AL Why don't you ask a friend?
STEVE I don't want to put any of them out. Let's go, Marce. Let's go buy something.
MARCY Ooh, I just love it when you talk spending to me.
Steve and Marcy leave.
AL I can't believe it. Everybody in the world is making money.
PEGGY Oh, honey, that's not true.
She sits beside him
PEGGY You're not.
AL [with sarcasm] You're my rock, Peg.
PEGGY And you are my albatross, Al. Look honey, you're still a young man, and there's
plenty of chances to make it big.
She rolls her eyes and makes a face.
AL How sweet of you, Peg. A fellow couldn't ask for a better wife.
He rolls his eyes and makes a face. They smile to each other.
At Steve's bank.
Steve walks over to his desk, holding some papers. The bank is empty, except for the
guard who is snoring loudly by the door.
Al walks over to the door and pounds on it. Steve gets up to unlock the door.
STEVE [to the sleeping guard] It's okay, Wyatt. I'll get it.
He unlocks the door and Al comes in.
STEVE Hi, Al. Be right with you.
AL Gee, I've never been at a bank that was closed before.
STEVE Yep, this is where it all happens.
He puts his hand on Al's shoulder.
STEVE You know, this is my favorite time, and my favorite place. Yeah, some people like
Hawaii at sunset. Me, give me a bank after hours. It's the cathedral of capitalism.
Can you hear it, Al? It's the sound of interest accruing. [he snaps out of his
dreamy state] I'll be with you in a second, just a few last minute managerial
duties. Tomorrow's a really busy day so I have to put out all these "next window,
please" signs, 'cause we're only gonna have two tellers working.
Steve puts the signs in two of the windows.
STEVE And I've got one more car loan to approve...
AL Come on, hurry up, Steve!
STEVE It won't take long - it's mine.
He stamps a document and signs it.
STEVE Yes! Okay Al, I'm ready. [notices that Al isn't around] Al?

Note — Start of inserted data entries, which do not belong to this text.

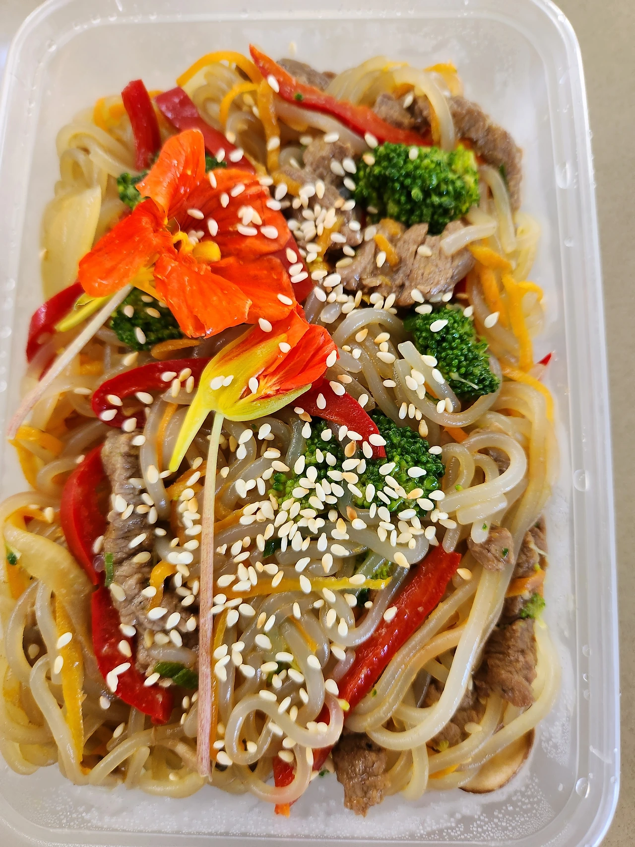 난 그녀에게 크리스마스 카드를 쓰고, 코리언 대표푸드, 잡채를 정성스럽게 쿡했다. 당근, 양파, 버섯, 파프리카를 최대한 가지런하게 채 썰고, 브로콜리를 초록색이 명징하도록 삶아내었다. 불고기는 달짝 짭짤하게 미리 양념을 해두었다. 뜨겁게 달궈진 웍에다 하얀색 양파부터 시작하여 붉은색 파프리카까지, 차례대로 지지직 달달달 볶아내었다. 참기름 솔솔솔 뿌리고 20인분을 거뜬히 무쳐내었다. 그녀, 선생 린의 잡채를 따로 한 팩, 한련화로 장식을 하여서 정성 들여 담았다. 마침, 오늘은 블랭킷 바디스에 뜨개질한 것을 갖다주고 털실을 갖고 오는 날이어서, 아침부터 분주하게 움직여야 했다.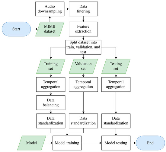In this study, we undertook a series of data preparation steps, as illustrated in Figure 2. First, the original audio data were downsampled from 16 kHz to 8 kHz to reduce computational costs. Then, we addressed the issue of class imbalance. Since each machine type had fewer abnormal samples than normal samples, we randomly selected an equal number of normal samples to match the abnormal ones for each machine, then merged them to form a new dataset. This ensured that each machine had the same number of normal and abnormal samples, effectively mitigating class bias. Consequently, we obtained four types of machines, each with normal and abnormal states, resulting in a total of eight categories of data.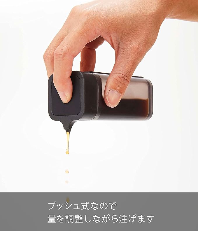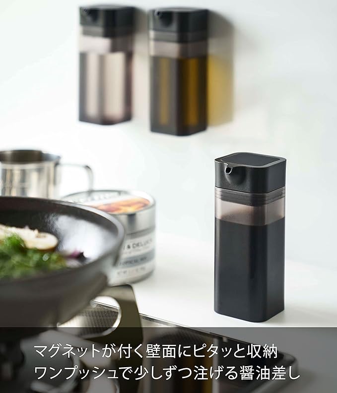 マグネットが付く冷蔵庫やパネルに簡単取り付けの調味料容器シリーズ。ワンプッシュで少しずつ注げる醤油差し。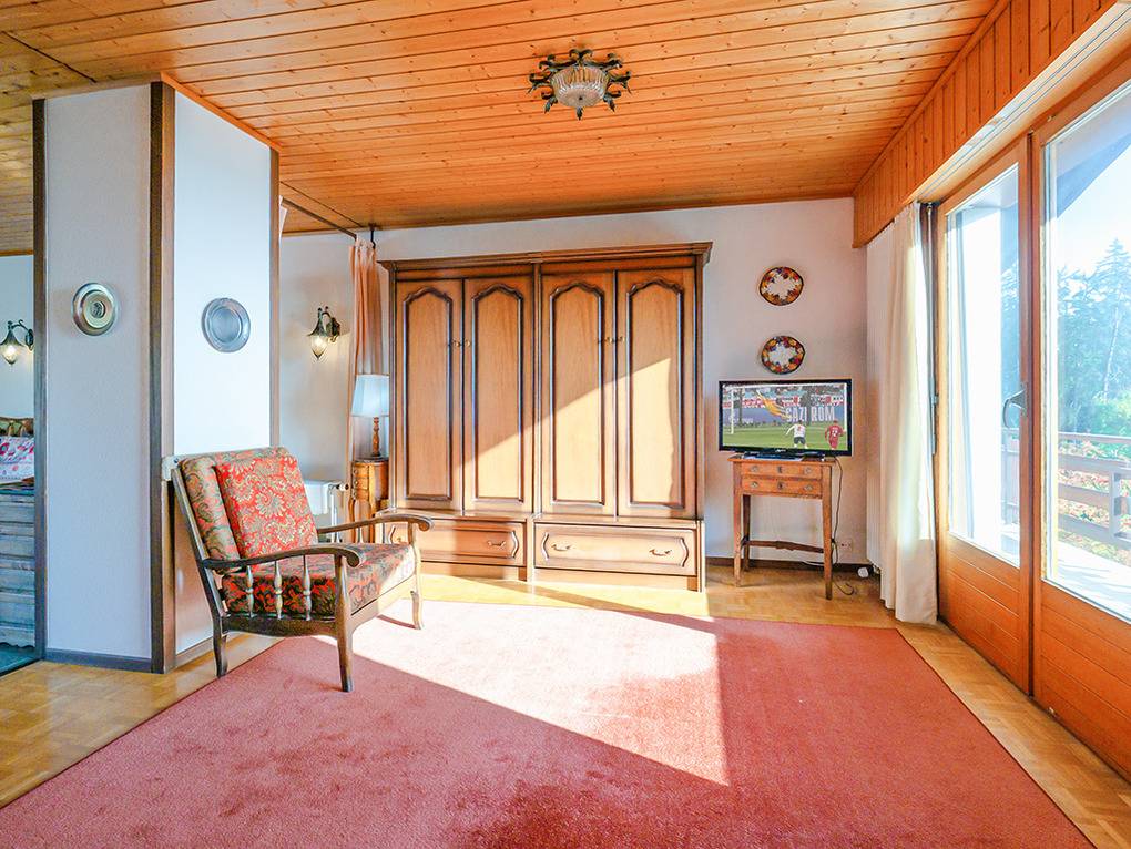 Nebenkosten: Endreinigung 110 € (wird bei Buchung erhoben). Bettwäsche leihbar 12 CHF/Pers (Bestellung). Handtücher leihbar 8 CHF/Pers (Bestellung). Zusätzliche Leistungen Wlan inklusiv. Schwimmbad Nutzung inklusive (20.12.25 - 11.04.26). Sauna 15 CHF/Stunde. 2 Gagarenstellplätze inklusive. Kurtaxe im Preis inklusiv. Babybett zusätzlich zur maximalen Personenzahl ohne Berechnung (Bestellung). Haustier nicht erlaubt.Räume & Aufteilung

AL [offstage] I'm in the vault!
Steve: Oh. [then, as realization dawns on him:] The vault!
He rushes to the vault.
Inside the vault...
STEVE Al, are you crazy? This is a federal offense!
AL I was just looking.
He turns around and we see there are packets of bills stuck in his belt.
AL Okay, I'm ready to go.
Steve takes all the packets of bills from Al.
STEVE Al, you can't touch this. This is money. Only the bank president and his squeeze
are allowed to play with the money.
Steve puts the packets back in their place. Al puts his hand on Steve's shoulder.
AL Steve, smell this.
He holds a packet of bills up to Steve's nose.
AL Tell me we don't have the same rights as the bank president and his squeeze.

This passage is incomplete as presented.